What is needed:
The response should be an exact copy of the records, with the pictures removed.

---------- Source material

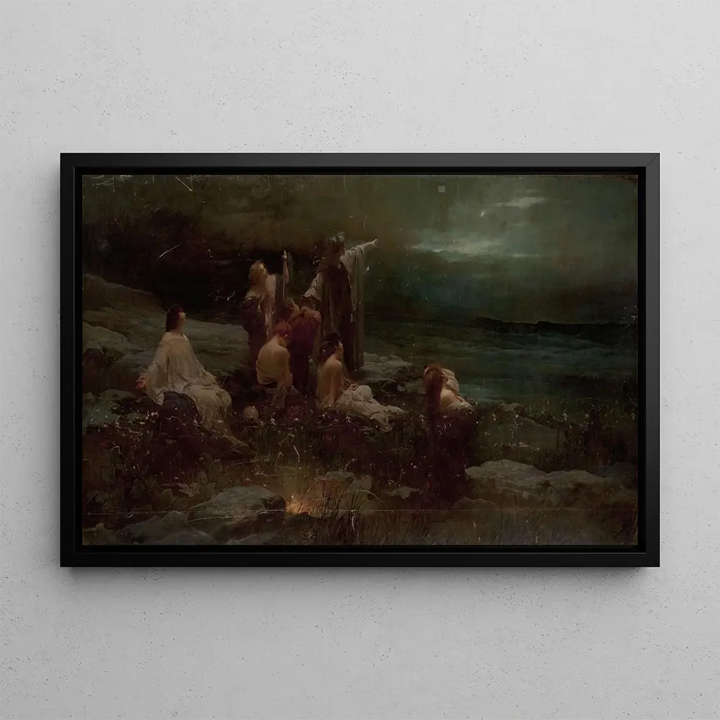 Étoile du matin : ein Hauch himmlischen Lichts Das Kunstwerk "Étoile du matin" von Franciszek Żmurko ist eine wahre Ode an die Schönheit des Tagesanbruchs. Die Komposition, getaucht in goldene und pastellfarbene Töne, evoziert eine ruhige und poetische Atmosphäre. Die zarten Details der Figuren sowie das Lichtspiel, das den Himmel erleuchtet, schaffen ein Gefühl des Staunens. Die Technik Żmurkos, die Realismus und Romantik verbindet, lädt den Betrachter ein, in eine Welt einzutauchen, in der Natur und Menschheit harmonisch aufeinandertreffen. Jeder Pinselstrich scheint die Essenz der Morgendämmerung einzufangen und bietet ein fesselndes visuelles Erlebnis. Franciszek Żmurko : ein Meister des polnischen Romantismus Franciszek Żmurko, polnischer Maler des 19. Jahrhunderts, ist bekannt für seinen romantischen Stil, der von Empfindsamkeit geprägt ist. Beeinflusst von den großen Meistern der europäischen Malerei, entwickelte er einen einzigartigen Ansatz, der Feinheit und Emotion vereint. Seine Karriere, geprägt von ikonischen Werken, zeugt von seinem Engagement für Schönheit und Harmonie. Żmurko war auch ein leidenschaftlicher Verfechter der polnischen Kunst und trug zur Entstehung einer nationalen künstlerischen Identität bei. Sein Erbe lebt durch Werke wie "Étoile du matin" weiter, die weiterhin Künstler und Kunstliebhaber inspirieren und bewegen. Eine dekorative Anschaffung mit vielfältigen Vorzügen Die Wahl einer Kunstdruck-Reproduktion von "Étoile du matin" ist eine kluge Entscheidung, um Ihr Zuhause aufzuwerten. Ob im Wohnzimmer, Büro oder Schlafzimmer – dieses Bild verleiht Eleganz und Ruhe. Die Qualität der Reproduktion garantiert eine bemerkenswerte Treue zu den Originaldetails, sodass Sie die bezaubernde Atmosphäre des Werks voll genießen können. Mit seinem unbestreitbaren ästhetischen Reiz fügt sich dieses Kunstwerk harmonisch in verschiedene Einrichtungsstile ein und ist eine wertvolle Ergänzung Ihrer Kunstsammlung.
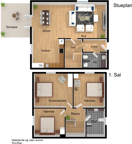 Upstairs, a hallway provides access to the master bedroom, a bathroom, and two children's bedrooms. Each of these rooms is equipped with built-in wardrobes featuring white cabinetry.
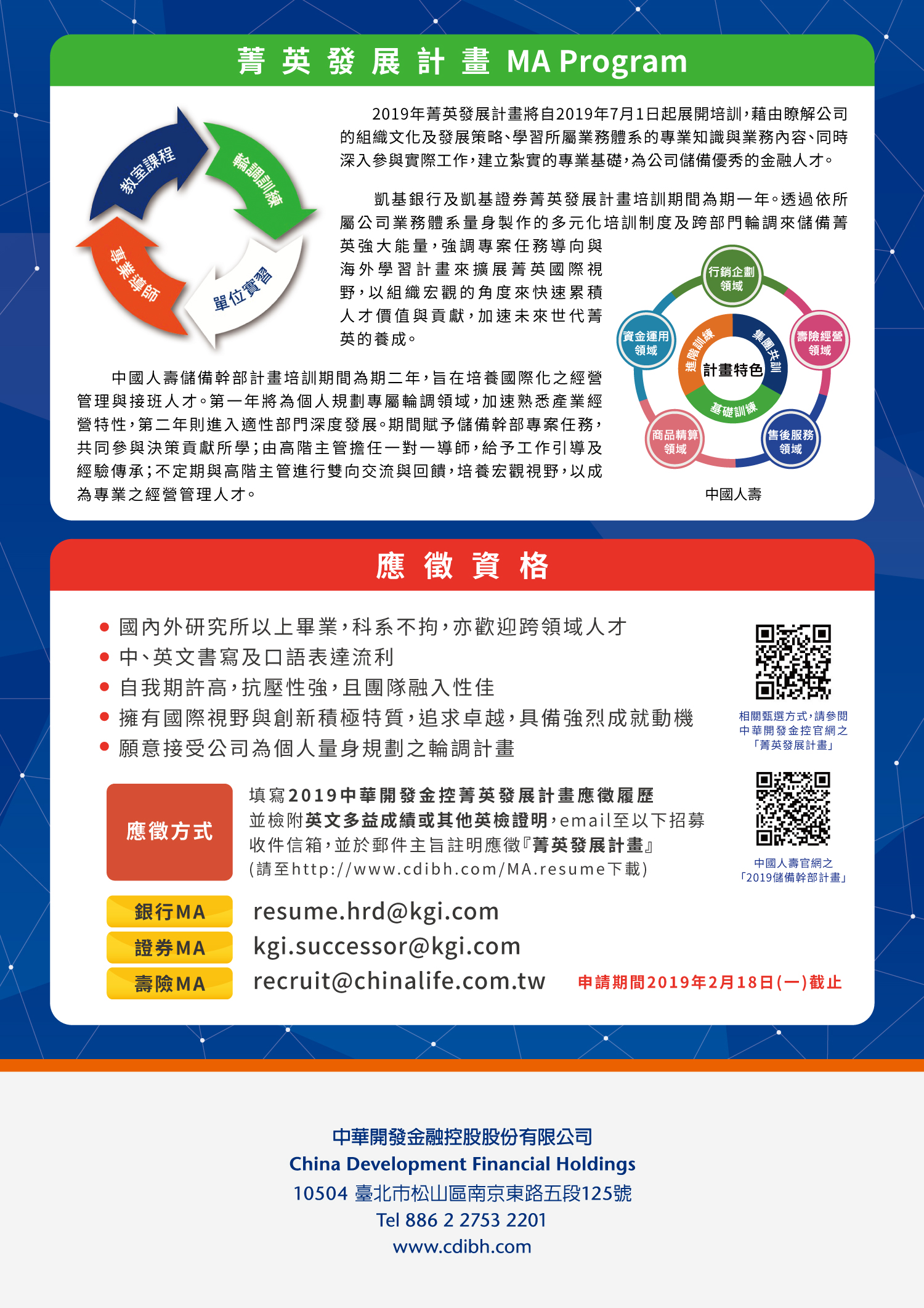 ★ 更多訊息 中華開發金控官網_菁英發展計畫專區 : www.cdibh.com/MA Apply it now! 附件1:2019MA EDM.jpg 附件2:2019 凱基銀行MA.doc |
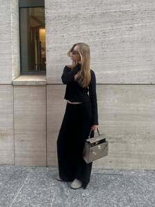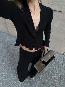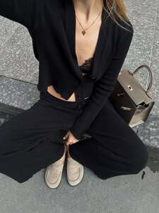 2025修身显瘦软糯V领针织开衫女士秋装简约通勤宽松长裤子套装女
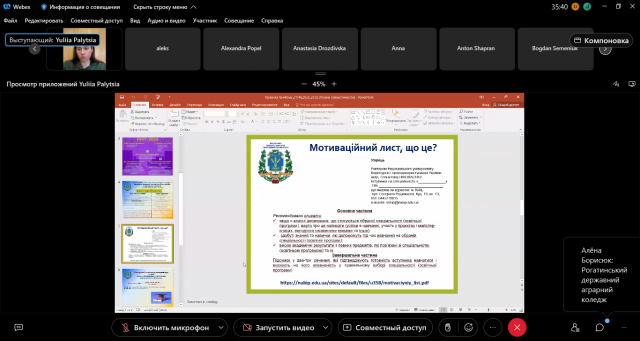 Секретар приймальної комісії Юлія Палиця ознайомила абітурієнтів з особливостями нинішньої вступної компанії. Вона детально зупинилася на здачі Національного мультипредметного тесту та підготовці мотиваційного листа, які необхідно подавати для вступу, наголосила на підготовчих курсах і участі в олімпіаді щодо вступу в Університет.
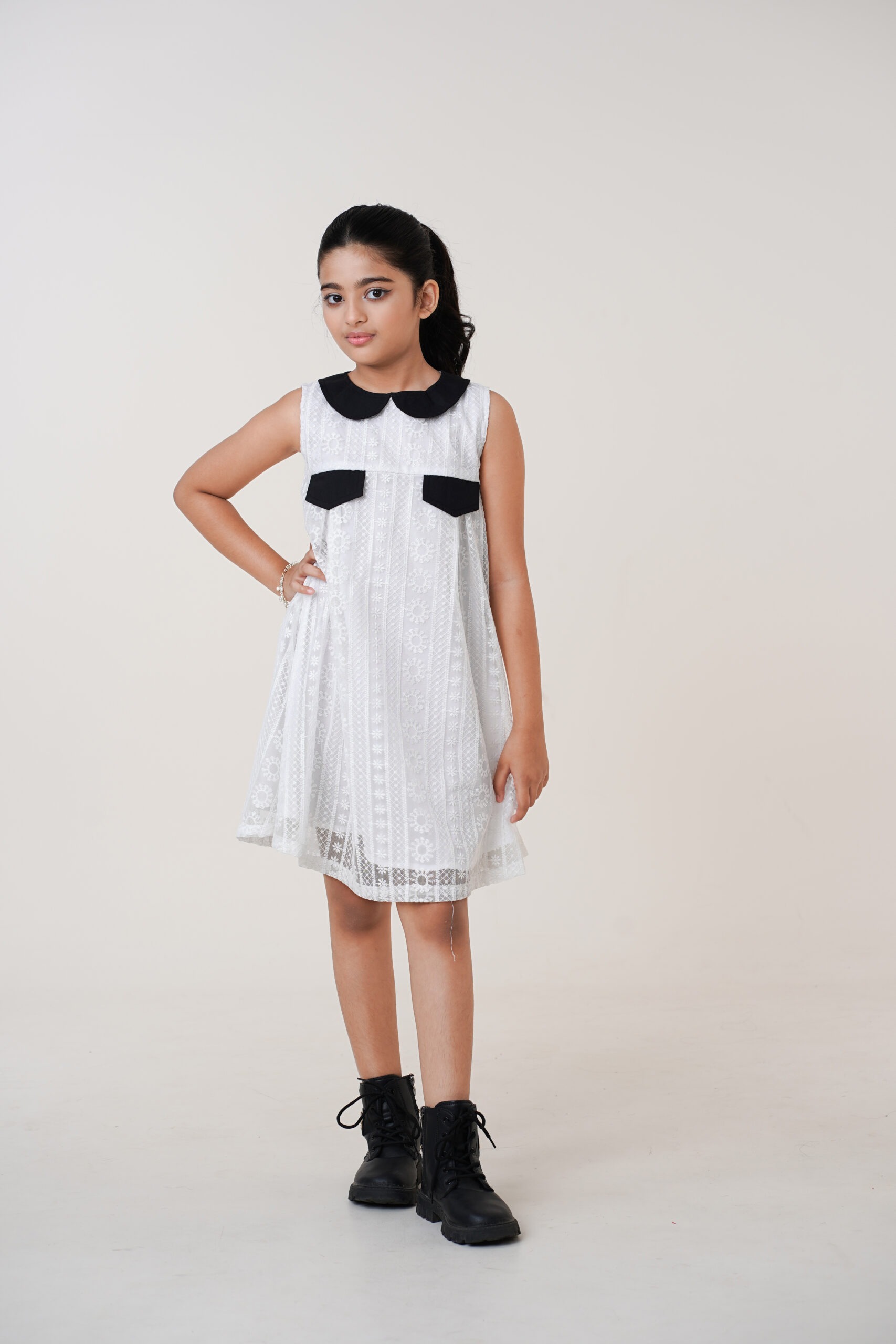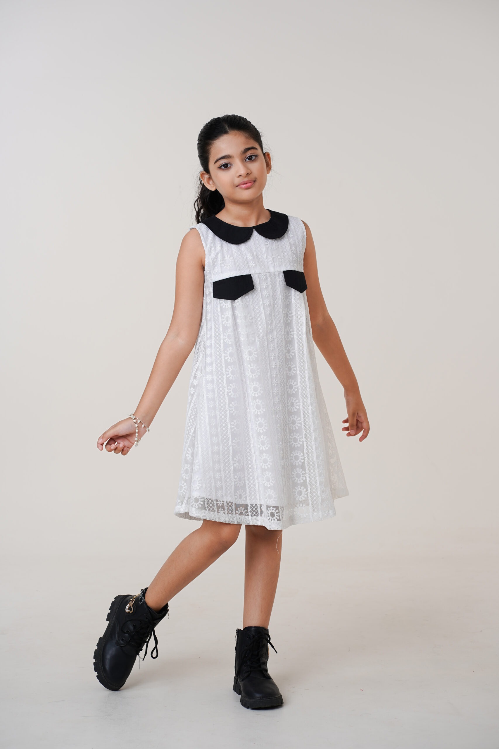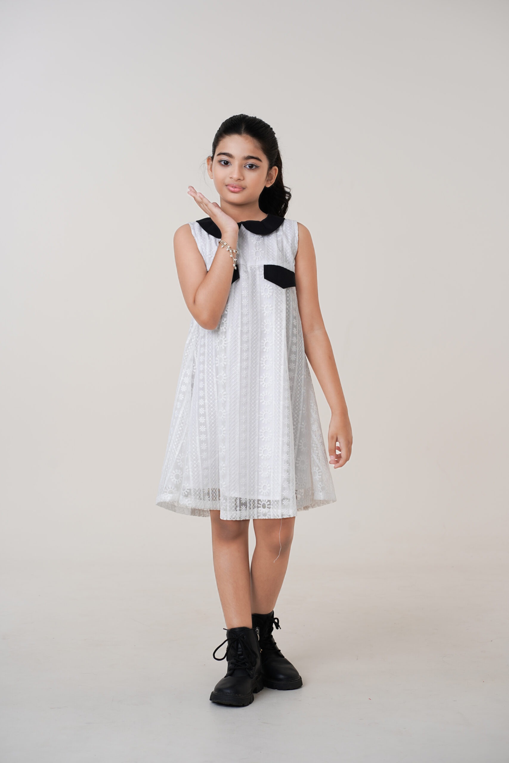 Little Girls’ White Lace A-Line Dress with Black Collar & Bow Detail Frock Kids Party Wear

--------------------

Answer below:
 Étoile du matin : ein Hauch himmlischen Lichts Das Kunstwerk "Étoile du matin" von Franciszek Żmurko ist eine wahre Ode an die Schönheit des Tagesanbruchs. Die Komposition, getaucht in goldene und pastellfarbene Töne, evoziert eine ruhige und poetische Atmosphäre. Die zarten Details der Figuren sowie das Lichtspiel, das den Himmel erleuchtet, schaffen ein Gefühl des Staunens. Die Technik Żmurkos, die Realismus und Romantik verbindet, lädt den Betrachter ein, in eine Welt einzutauchen, in der Natur und Menschheit harmonisch aufeinandertreffen. Jeder Pinselstrich scheint die Essenz der Morgendämmerung einzufangen und bietet ein fesselndes visuelles Erlebnis. Franciszek Żmurko : ein Meister des polnischen Romantismus Franciszek Żmurko, polnischer Maler des 19. Jahrhunderts, ist bekannt für seinen romantischen Stil, der von Empfindsamkeit geprägt ist. Beeinflusst von den großen Meistern der europäischen Malerei, entwickelte er einen einzigartigen Ansatz, der Feinheit und Emotion vereint. Seine Karriere, geprägt von ikonischen Werken, zeugt von seinem Engagement für Schönheit und Harmonie. Żmurko war auch ein leidenschaftlicher Verfechter der polnischen Kunst und trug zur Entstehung einer nationalen künstlerischen Identität bei. Sein Erbe lebt durch Werke wie "Étoile du matin" weiter, die weiterhin Künstler und Kunstliebhaber inspirieren und bewegen. Eine dekorative Anschaffung mit vielfältigen Vorzügen Die Wahl einer Kunstdruck-Reproduktion von "Étoile du matin" ist eine kluge Entscheidung, um Ihr Zuhause aufzuwerten. Ob im Wohnzimmer, Büro oder Schlafzimmer – dieses Bild verleiht Eleganz und Ruhe. Die Qualität der Reproduktion garantiert eine bemerkenswerte Treue zu den Originaldetails, sodass Sie die bezaubernde Atmosphäre des Werks voll genießen können. Mit seinem unbestreitbaren ästhetischen Reiz fügt sich dieses Kunstwerk harmonisch in verschiedene Einrichtungsstile ein und ist eine wertvolle Ergänzung Ihrer Kunstsammlung.
 Upstairs, a hallway provides access to the master bedroom, a bathroom, and two children's bedrooms. Each of these rooms is equipped with built-in wardrobes featuring white cabinetry.
 ★ 更多訊息 中華開發金控官網_菁英發展計畫專區 : www.cdibh.com/MA Apply it now! 附件1:2019MA EDM.jpg 附件2:2019 凱基銀行MA.doc |
 2025修身显瘦软糯V领针织开衫女士秋装简约通勤宽松长裤子套装女
 Секретар приймальної комісії Юлія Палиця ознайомила абітурієнтів з особливостями нинішньої вступної компанії. Вона детально зупинилася на здачі Національного мультипредметного тесту та підготовці мотиваційного листа, які необхідно подавати для вступу, наголосила на підготовчих курсах і участі в олімпіаді щодо вступу в Університет.
 Little Girls’ White Lace A-Line Dress with Black Collar & Bow Detail Frock Kids Party Wear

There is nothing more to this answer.